• _Given material_:
┌──

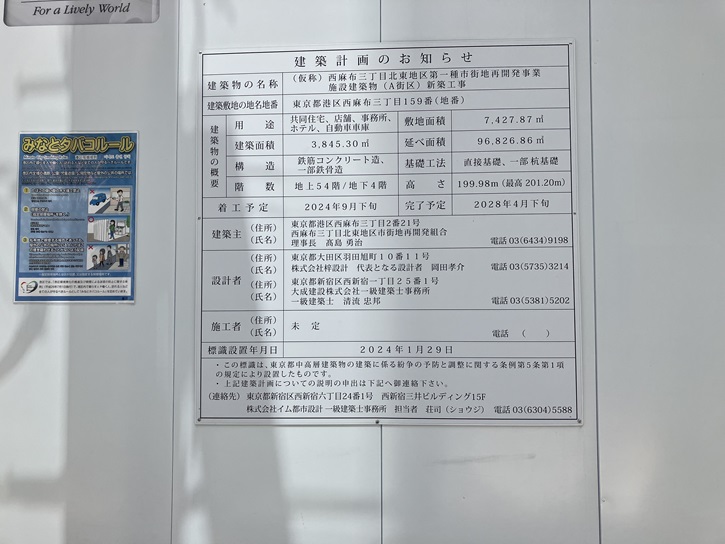 六本木ヒルズから「櫻田神社」に向かいます。六本木通りとテレビ朝日通り、それに外苑西通りに囲まれた西麻布三丁目一帯が更地になっています。櫻田神社も暫くの間遷座されているとのことです。「西麻布三丁目北東地区第一種市街地再開発事業」は、六本木ヒルズの西側に住宅・事務所・商業・ホテル機能を導入した地上54階・地下4階・高さ200m・延べ面積96、826uの超高層ビルを整備するものです。2024年9月下旬に着工し、2028年4月下旬の竣工を予定しています。櫻田神社はビルの南側に戻って来ることになっています。
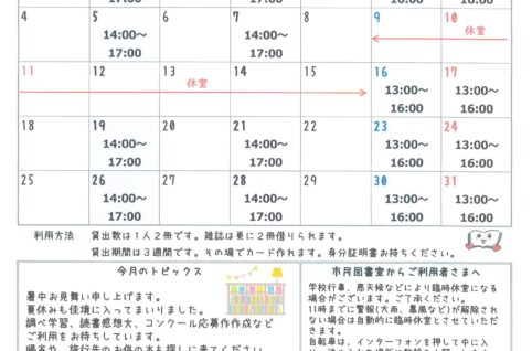 なだのはま小学校市民図書室ニュース8月号
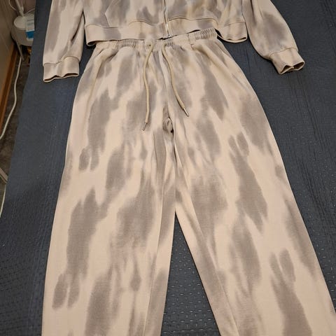 H&M joggedress for jente i størrelse 152. Sett med genser og bukse i brun farge. Plagget er laget i bomull, med myk og behagelig kvalitet. Buksen har strikk i livet for bedre passform. Egnet som hverdags- og fritidstøy for barn i alderen ca. 11–12 år, avhengig av høyde og kroppsmål.
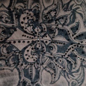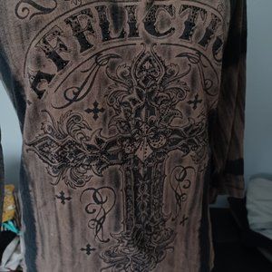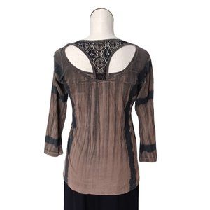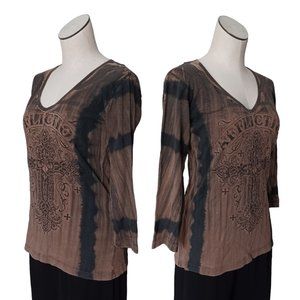AFFLICTION • Small beaded shirt v-neck tie dye cross lace crochet accent women's

└──

• _Exercise details_: The expected output is the exact run of lines from the first line of the material above through the line that contains "なだのはま小学校市民図書室ニュース8月号", minus any pictures.

• _Expected answer_:
 六本木ヒルズから「櫻田神社」に向かいます。六本木通りとテレビ朝日通り、それに外苑西通りに囲まれた西麻布三丁目一帯が更地になっています。櫻田神社も暫くの間遷座されているとのことです。「西麻布三丁目北東地区第一種市街地再開発事業」は、六本木ヒルズの西側に住宅・事務所・商業・ホテル機能を導入した地上54階・地下4階・高さ200m・延べ面積96、826uの超高層ビルを整備するものです。2024年9月下旬に着工し、2028年4月下旬の竣工を予定しています。櫻田神社はビルの南側に戻って来ることになっています。
 なだのはま小学校市民図書室ニュース8月号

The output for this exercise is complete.